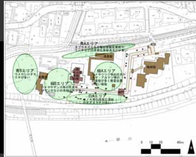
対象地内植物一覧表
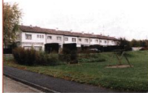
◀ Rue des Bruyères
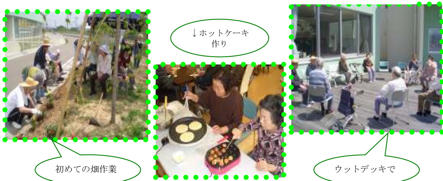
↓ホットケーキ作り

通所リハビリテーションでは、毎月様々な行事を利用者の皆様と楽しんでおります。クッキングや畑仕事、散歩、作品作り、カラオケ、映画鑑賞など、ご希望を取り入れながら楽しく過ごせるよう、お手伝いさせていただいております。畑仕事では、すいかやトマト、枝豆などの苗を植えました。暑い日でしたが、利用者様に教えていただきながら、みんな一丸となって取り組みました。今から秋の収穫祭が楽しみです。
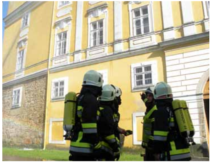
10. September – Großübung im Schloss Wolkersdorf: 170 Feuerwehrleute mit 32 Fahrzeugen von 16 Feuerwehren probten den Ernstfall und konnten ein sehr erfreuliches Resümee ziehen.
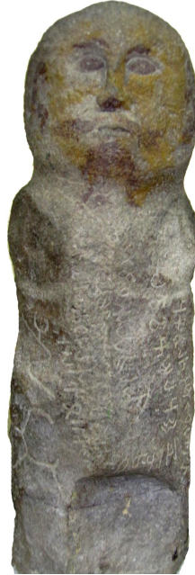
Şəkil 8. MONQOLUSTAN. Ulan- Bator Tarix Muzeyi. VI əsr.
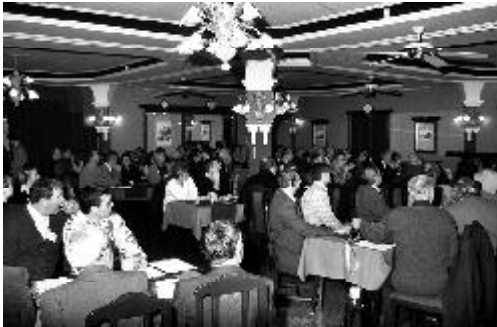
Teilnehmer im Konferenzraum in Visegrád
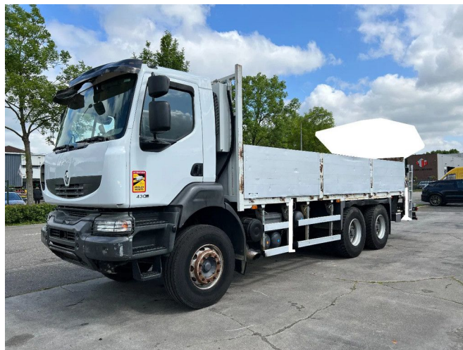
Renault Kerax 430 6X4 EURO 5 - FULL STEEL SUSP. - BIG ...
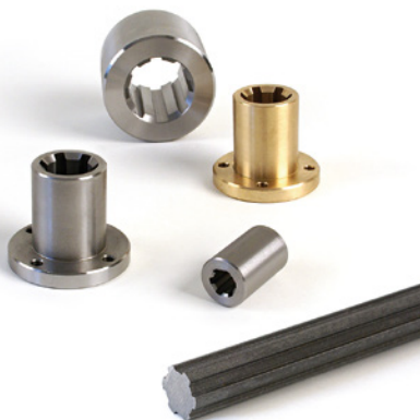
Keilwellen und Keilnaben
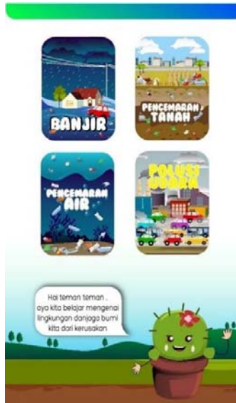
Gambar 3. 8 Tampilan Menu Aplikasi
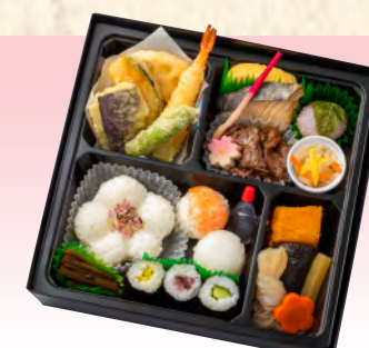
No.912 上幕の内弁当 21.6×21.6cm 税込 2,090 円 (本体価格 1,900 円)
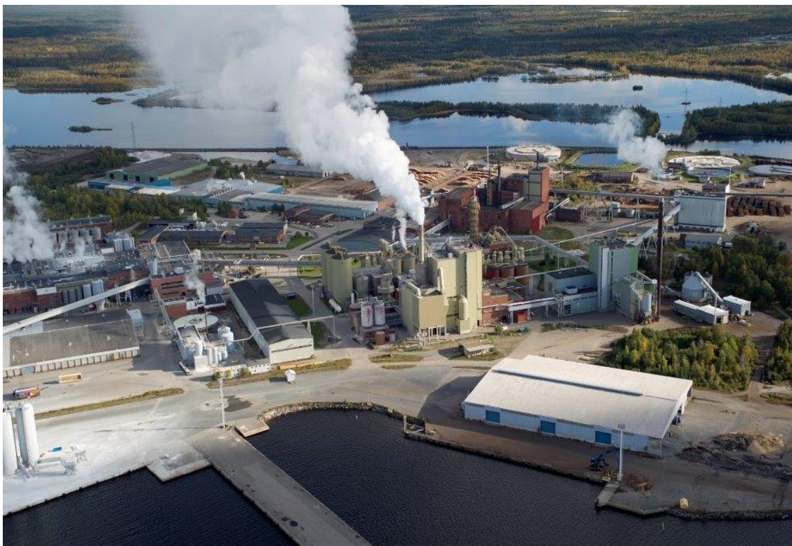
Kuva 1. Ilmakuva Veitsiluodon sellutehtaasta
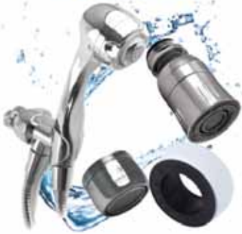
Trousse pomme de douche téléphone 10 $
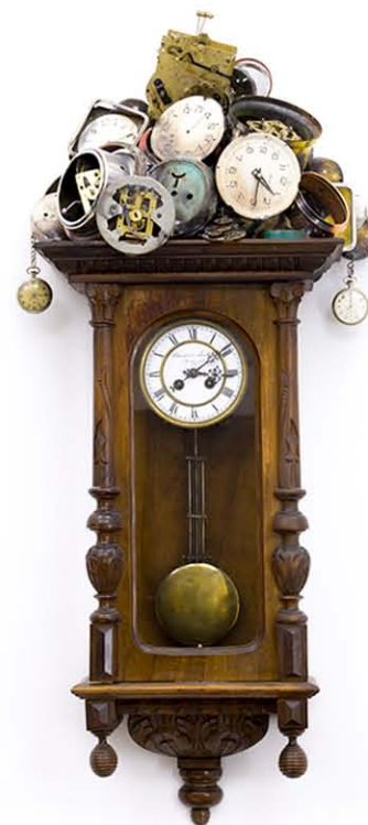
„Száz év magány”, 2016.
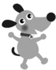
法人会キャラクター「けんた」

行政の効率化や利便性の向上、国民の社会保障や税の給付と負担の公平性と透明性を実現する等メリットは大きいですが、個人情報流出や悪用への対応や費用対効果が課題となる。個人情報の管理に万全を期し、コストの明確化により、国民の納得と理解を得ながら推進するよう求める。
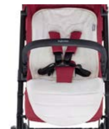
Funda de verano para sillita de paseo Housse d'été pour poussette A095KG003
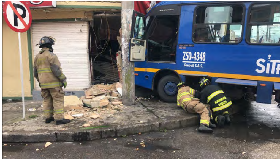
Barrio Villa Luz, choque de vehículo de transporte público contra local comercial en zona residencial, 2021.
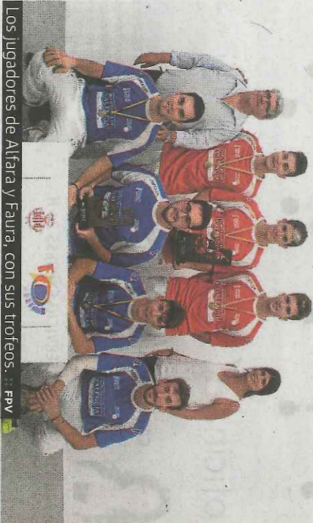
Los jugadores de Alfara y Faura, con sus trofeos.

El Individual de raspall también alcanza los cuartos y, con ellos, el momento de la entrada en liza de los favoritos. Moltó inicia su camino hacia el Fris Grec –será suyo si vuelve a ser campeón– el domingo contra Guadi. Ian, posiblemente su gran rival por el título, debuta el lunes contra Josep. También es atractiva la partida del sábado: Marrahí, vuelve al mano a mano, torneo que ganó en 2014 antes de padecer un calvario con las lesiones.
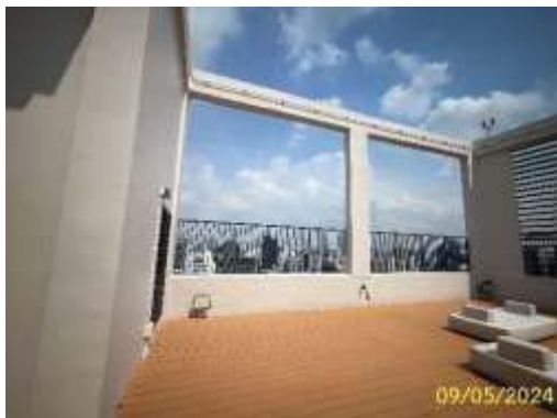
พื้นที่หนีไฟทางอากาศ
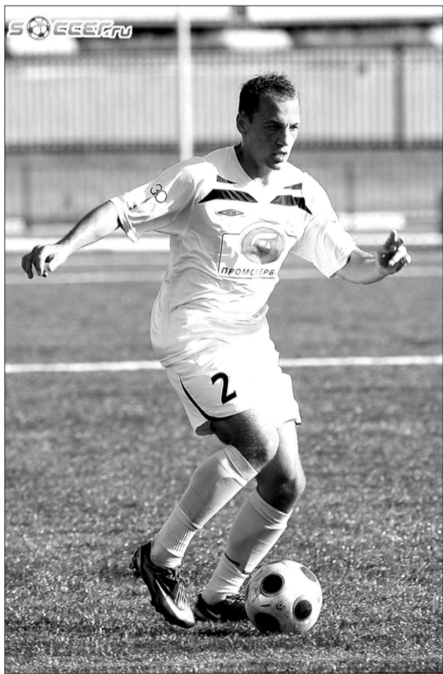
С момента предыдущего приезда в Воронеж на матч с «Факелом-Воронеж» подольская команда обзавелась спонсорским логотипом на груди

◆ **WHAT IS NEEDED**
Across the listing above, how many lines include the word "contra"? Answer with only the number.

◆ **EXERCISE ANSWER**
2